▶ How to complete this task
Please repeat the records beneath this task exactly as they appear, but skip the images.

Items from a dataset:

= = = = = = =

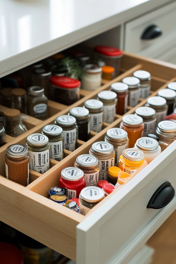 Imagine a shallow drawer filled with adjustable or modular spice racks, each holding tiny jars and bottles in neat rows. The labels are facing up, making it effortless to find your favorite seasoning or oil. The organization creates a clean, minimal look that’s both functional and pleasing to the eye.
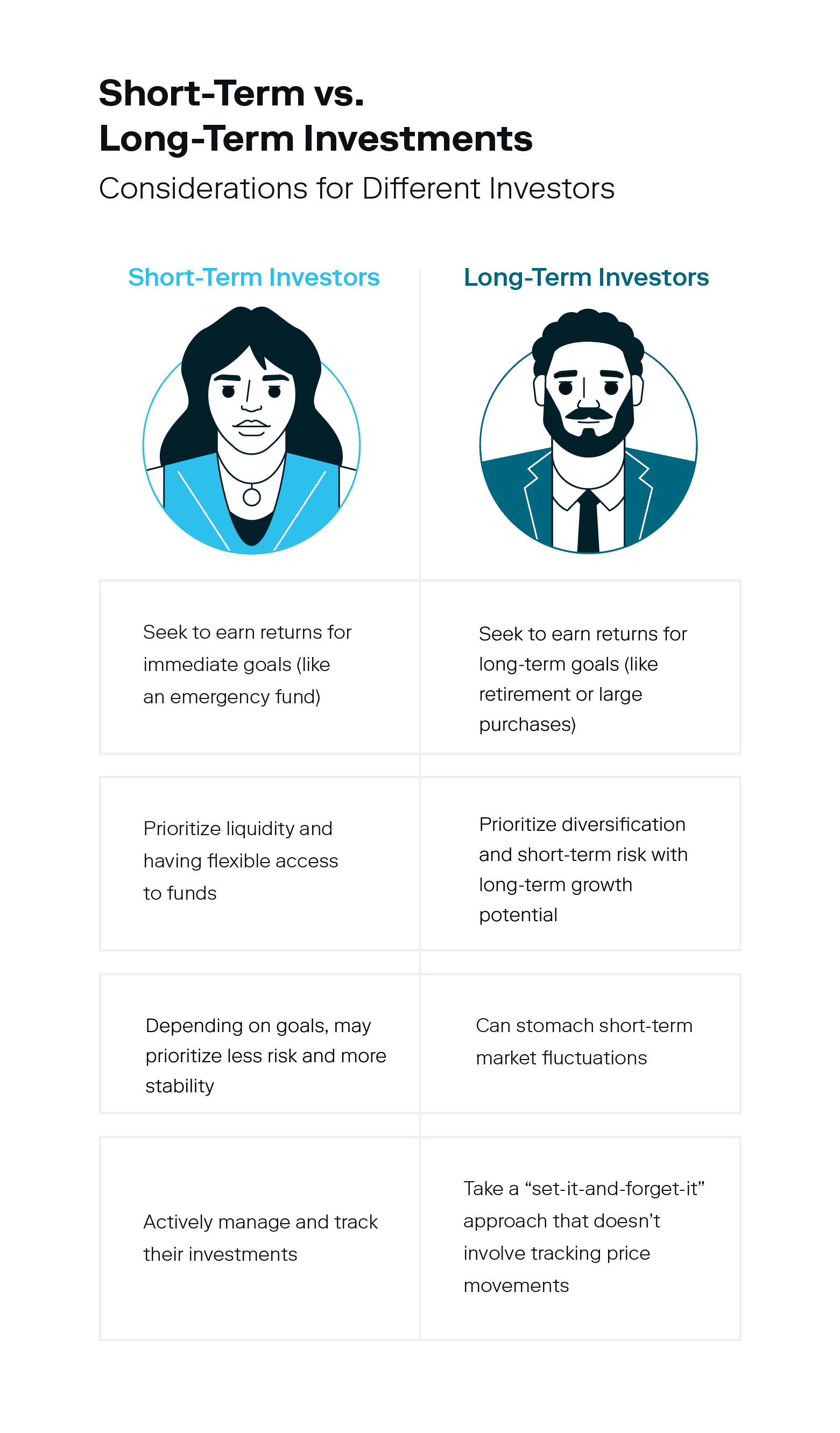 Short-term vs. long-term investing refers to how you use different investments based on your financial goals and time horizon. The main difference between the two lies in how you approach an investment, not in the investment itself. Both short-term and long-term investments can include any asset class. A stock, for example, can be a short-term or long-term investment depending on how you use it, like buying and selling a stock within a single month versus buying and holding a stock for several years.
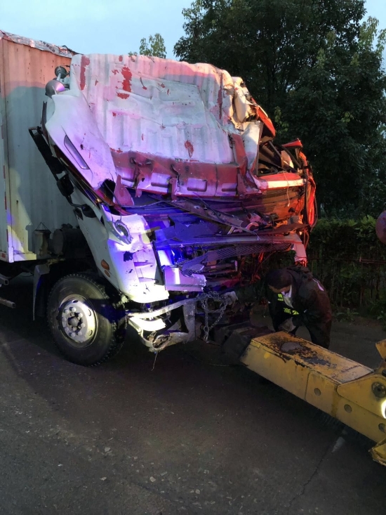 7點30分,經(jīng)過半小時的努力,在輔查員在一旁指揮下,拖車用纜繩進行牽引,吊車配合,將車頭放置可以正常拖曳的地方。
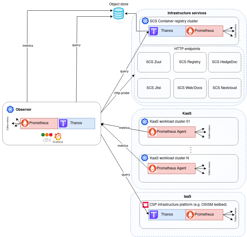 We’re excited to announce that our Minimum Viable Product (MVP) for extending the monitoring from the IaaS layer to a solution that covers observability and monitoring full-stack has achieved a presentable and viable state. MVP aims to provide a global monitoring view of various SCS layers and components, including KaaS, IaaS, and actively used services within the SCS community such as Jitsi, HedgeDoc, Nextcloud, Harbor container registry, and more. The global view is made possible by the Observer monitoring solution we’ve designed. The Observer enables the collection, storage, and visualization of metrics from the SCS infrastructure.
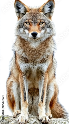 © isti, Obraz premium A close-up of a coyote sitting confidently against a white background.
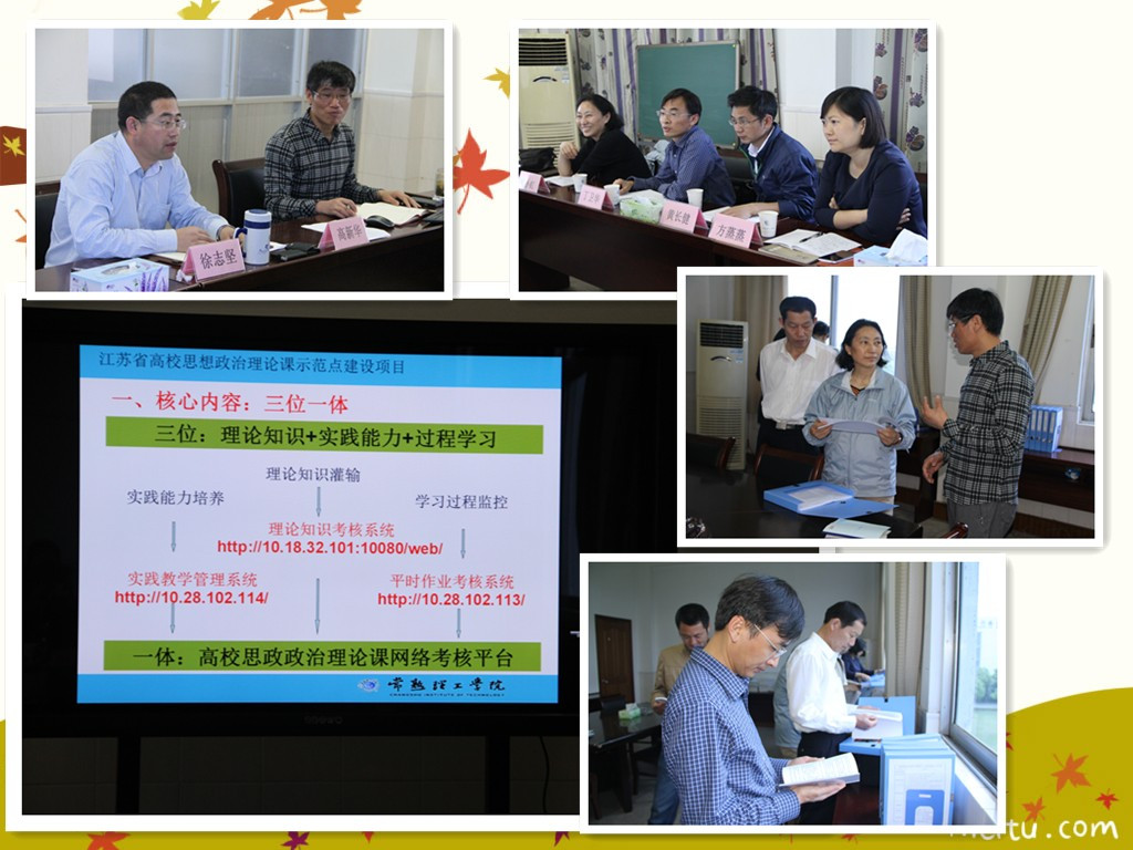 在此次学习调研活动中,马院书记徐志坚教授首先介绍了常熟理工学院的历史沿革、发展概况以及马克思主义学院机构建设、师资队伍建设、课程设置、教学管理等情况。高新华院长作了“高校思想政治理论课——课程考核模式改革与建设”的主题报告,详细介绍了该院依托网络管理系统,实施“三位一体”(理论知识+实践能力+过程学习)的教学和考核模式的改革成果。座谈会中,双方围绕大学生思想政治理论课专题化教学模式实施、考核方式改革、实践教学运行等情况进行了深入交流和热烈讨论。会后还观看了相关材料和评估档案,使思政部教师受益匪浅。

= = = = = = =

▶ Result of the exercise
 Imagine a shallow drawer filled with adjustable or modular spice racks, each holding tiny jars and bottles in neat rows. The labels are facing up, making it effortless to find your favorite seasoning or oil. The organization creates a clean, minimal look that’s both functional and pleasing to the eye.
 Short-term vs. long-term investing refers to how you use different investments based on your financial goals and time horizon. The main difference between the two lies in how you approach an investment, not in the investment itself. Both short-term and long-term investments can include any asset class. A stock, for example, can be a short-term or long-term investment depending on how you use it, like buying and selling a stock within a single month versus buying and holding a stock for several years.
 7點30分,經(jīng)過半小時的努力,在輔查員在一旁指揮下,拖車用纜繩進行牽引,吊車配合,將車頭放置可以正常拖曳的地方。
 We’re excited to announce that our Minimum Viable Product (MVP) for extending the monitoring from the IaaS layer to a solution that covers observability and monitoring full-stack has achieved a presentable and viable state. MVP aims to provide a global monitoring view of various SCS layers and components, including KaaS, IaaS, and actively used services within the SCS community such as Jitsi, HedgeDoc, Nextcloud, Harbor container registry, and more. The global view is made possible by the Observer monitoring solution we’ve designed. The Observer enables the collection, storage, and visualization of metrics from the SCS infrastructure.
 © isti, Obraz premium A close-up of a coyote sitting confidently against a white background.
 在此次学习调研活动中,马院书记徐志坚教授首先介绍了常熟理工学院的历史沿革、发展概况以及马克思主义学院机构建设、师资队伍建设、课程设置、教学管理等情况。高新华院长作了“高校思想政治理论课——课程考核模式改革与建设”的主题报告,详细介绍了该院依托网络管理系统,实施“三位一体”(理论知识+实践能力+过程学习)的教学和考核模式的改革成果。座谈会中,双方围绕大学生思想政治理论课专题化教学模式实施、考核方式改革、实践教学运行等情况进行了深入交流和热烈讨论。会后还观看了相关材料和评估档案,使思政部教师受益匪浅。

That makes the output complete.